Piuttosto che tacere

E domanda

Piuttosto che aspettare

(Il bacio sulla bocca, Ivano Fossati)

 

Centosettantanove

Keep thinking 'bout his angel eyes

Continuando a pensare ai suoi occhi d’angelo

Stessi sorrisi, stessi guai

 

I've heard how some people have said

That I've changed

That I'm not what I was

How it really is a shame

The thoughts in their heads

Manifest on their brow

Like bad scars from ill feelings

They themselves arouse

So hateful of anyone that is happy

Or free

They live all their lives

Without looking to see

The light that has lighted the world

 

Ho sentito alcune persone dire

Che sono cambiata

Che non sono più la stessa

Ed è davvero un peccato

Ogni pensiero

E’ scritto sui loro visi

Come cicatrici di sentimenti dolorosi

Che loro ricordano

A chi è felice

O libero

Vivono la loro vita

Senza mai vedere

La luce che ha illuminato il mondo

(The light that has lighted the world, George Harrison)

 

Krasnojarsk, 18 Dicembre 1847

 

 

Lui, quel sorriso incredibile che aveva…

Era morto.

 

Il ragazzino aveva la pelle bruciata dal sole, lineamenti mediorientali e occhi straordinariamente lucenti.  

Era bello, così bello, così tanto…

 

-George…-

-No, Lys, no!-

Jànos afferrò per un braccio la giovane siberiana, fulminandola con lo sguardo.

-E’ morto, il tuo George! Khristos, Natal’ja, non fare la cretina! E’ Aiace, lui-

-Non farlo tu, il cretino- sibilò lei, liberandosi bruscamente dalla sua stretta.

-Come diavolo te lo devo dire? E’ il 18 Dicembre 1847, è anche il mio compleanno! E stavolta non l’avrai, no, la mia benedizione, stavolta i tuoi millecento rubli di lacrime li piangerai da sola!-

-Non me lo devi dire, Jànos!-

Poi realizzò le sue parole, Natal’ja.

I tuoi millecento rubli di lacrime.

-Li piangerò da sola? I miei millecento rubli di lacrime? Sei consapevole di aver appena detto la cosa più infame dei tuoi ventiquattro anni d’esistenza?-

-Te ne ho dette tante, di cose terribili, Lys-

-Eppure non credevo che saresti riuscito a rinfacciarmi sia la morte di mio marito sia i miei nove mesi di lavori forzati addirittura nello stesso periodo-

Scrollò le spalle, lui.

-Capita-

-Capita, già-

Natal’ja gli tirò uno schiaffo, perché era capitato.

 

-Lys…-

Sorrise, Natal’ja.

Sorrise ad Aiace, l’adorabile undicenne greco che Gee le aveva lasciato.
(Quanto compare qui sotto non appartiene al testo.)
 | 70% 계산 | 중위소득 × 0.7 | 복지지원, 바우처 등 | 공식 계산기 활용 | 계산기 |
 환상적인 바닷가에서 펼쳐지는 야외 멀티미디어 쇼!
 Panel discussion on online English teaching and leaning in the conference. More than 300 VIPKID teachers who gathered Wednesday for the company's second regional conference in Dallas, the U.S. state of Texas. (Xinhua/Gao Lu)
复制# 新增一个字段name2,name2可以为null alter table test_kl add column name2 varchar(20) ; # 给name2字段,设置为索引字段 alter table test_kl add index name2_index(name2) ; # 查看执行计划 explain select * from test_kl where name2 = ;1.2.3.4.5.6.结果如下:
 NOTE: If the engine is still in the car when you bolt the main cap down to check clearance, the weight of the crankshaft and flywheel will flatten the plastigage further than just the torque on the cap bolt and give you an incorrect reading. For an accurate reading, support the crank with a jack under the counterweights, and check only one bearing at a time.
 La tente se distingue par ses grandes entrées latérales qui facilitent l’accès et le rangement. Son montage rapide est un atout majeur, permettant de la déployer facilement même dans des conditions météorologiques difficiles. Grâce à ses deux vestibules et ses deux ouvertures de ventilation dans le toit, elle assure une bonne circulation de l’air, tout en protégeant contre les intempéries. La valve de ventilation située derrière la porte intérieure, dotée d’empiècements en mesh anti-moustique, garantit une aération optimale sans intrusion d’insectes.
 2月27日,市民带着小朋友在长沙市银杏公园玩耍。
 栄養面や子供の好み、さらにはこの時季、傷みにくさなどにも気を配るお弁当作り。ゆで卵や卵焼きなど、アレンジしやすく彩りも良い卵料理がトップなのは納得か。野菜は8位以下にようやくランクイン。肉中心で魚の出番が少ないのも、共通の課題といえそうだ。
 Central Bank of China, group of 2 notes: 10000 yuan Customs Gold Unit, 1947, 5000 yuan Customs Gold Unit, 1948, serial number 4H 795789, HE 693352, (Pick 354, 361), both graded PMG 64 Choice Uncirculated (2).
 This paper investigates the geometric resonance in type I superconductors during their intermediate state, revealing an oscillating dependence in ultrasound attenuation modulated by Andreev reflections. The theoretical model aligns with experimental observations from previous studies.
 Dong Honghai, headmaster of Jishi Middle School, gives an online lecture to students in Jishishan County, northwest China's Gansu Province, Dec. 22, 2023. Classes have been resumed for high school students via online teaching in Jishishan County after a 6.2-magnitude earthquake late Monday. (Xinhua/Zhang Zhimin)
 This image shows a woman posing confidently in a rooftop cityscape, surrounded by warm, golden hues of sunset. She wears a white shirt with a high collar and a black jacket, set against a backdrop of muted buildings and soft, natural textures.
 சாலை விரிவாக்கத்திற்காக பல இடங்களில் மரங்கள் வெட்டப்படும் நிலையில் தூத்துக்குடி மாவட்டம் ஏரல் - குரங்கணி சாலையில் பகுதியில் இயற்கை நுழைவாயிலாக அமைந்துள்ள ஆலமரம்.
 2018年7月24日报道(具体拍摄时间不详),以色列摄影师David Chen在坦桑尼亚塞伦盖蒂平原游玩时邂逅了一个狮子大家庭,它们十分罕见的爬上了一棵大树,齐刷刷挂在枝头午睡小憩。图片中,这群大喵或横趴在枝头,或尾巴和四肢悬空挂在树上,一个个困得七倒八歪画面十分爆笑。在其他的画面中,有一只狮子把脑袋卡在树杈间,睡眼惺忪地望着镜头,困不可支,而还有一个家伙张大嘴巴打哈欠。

-Sai cosa penso, Lys? Il tuo migliore amico è un bastardo, ma hai bisogno di lui-

Natal’ja non sorrideva più.

 

Jànos inarcò un sopracciglio, quando lei si avvicinò.
La sigaretta gli oscillava tra le labbra come sempre.

-Non ti chiedo mica scusa, ragazzina-

-Non mi hai mai chiesto scusa, Jàn. Ma nemmeno io-

-Non ce n’era bisogno- bisbigliò lui, quasi distrattamente.

-Non saremmo stati noi-

-Il punto è che non potevamo sentirci più bastardi di quanto già non fossimo, Lys!-

Rideva, adesso, Szöcske.  

-Infatti-

Natal’ja gli scompigliò i capelli, per poi lasciargli sulla guancia una carezza che forse era uno schiaffo, dipendeva dall’interpretazione.

Ma lui la fermò con la sua, quella mano, la trattenne ancora un po’ sulla sua pelle sempre gelida, sospirando.

Poi alzò lo sguardo, le sorrise.

-Tu lo sei più di me, però-

-Credi, Jàn?-

-Non sai quanto, biondina…-

-Forse-

-Oggi però sono stato davvero…-

-Un infame-

-Eh, direi. Non te lo meritavi-

-Me lo sono meritata mille altre volte in cui tu mi hai sorriso-

-Ti sto sorridendo anche adesso, Lys. Non posso farne a meno-

-Sei straordinario, tu…-

-E’ che non posso lasciarti, piccola fiammiferaia-

-Non lo farai-

L’abbraccio, lui, finalmente.

-Puoi giurarci…-

 

Le castagne.

Risolvevano tutto così, quei due matti.

Nessuno, a Forradalom, capiva come l’amicizia di Jàn e Lys potesse basarsi, oltre che sull’affetto reciproco -e che affetto-, sulle castagne.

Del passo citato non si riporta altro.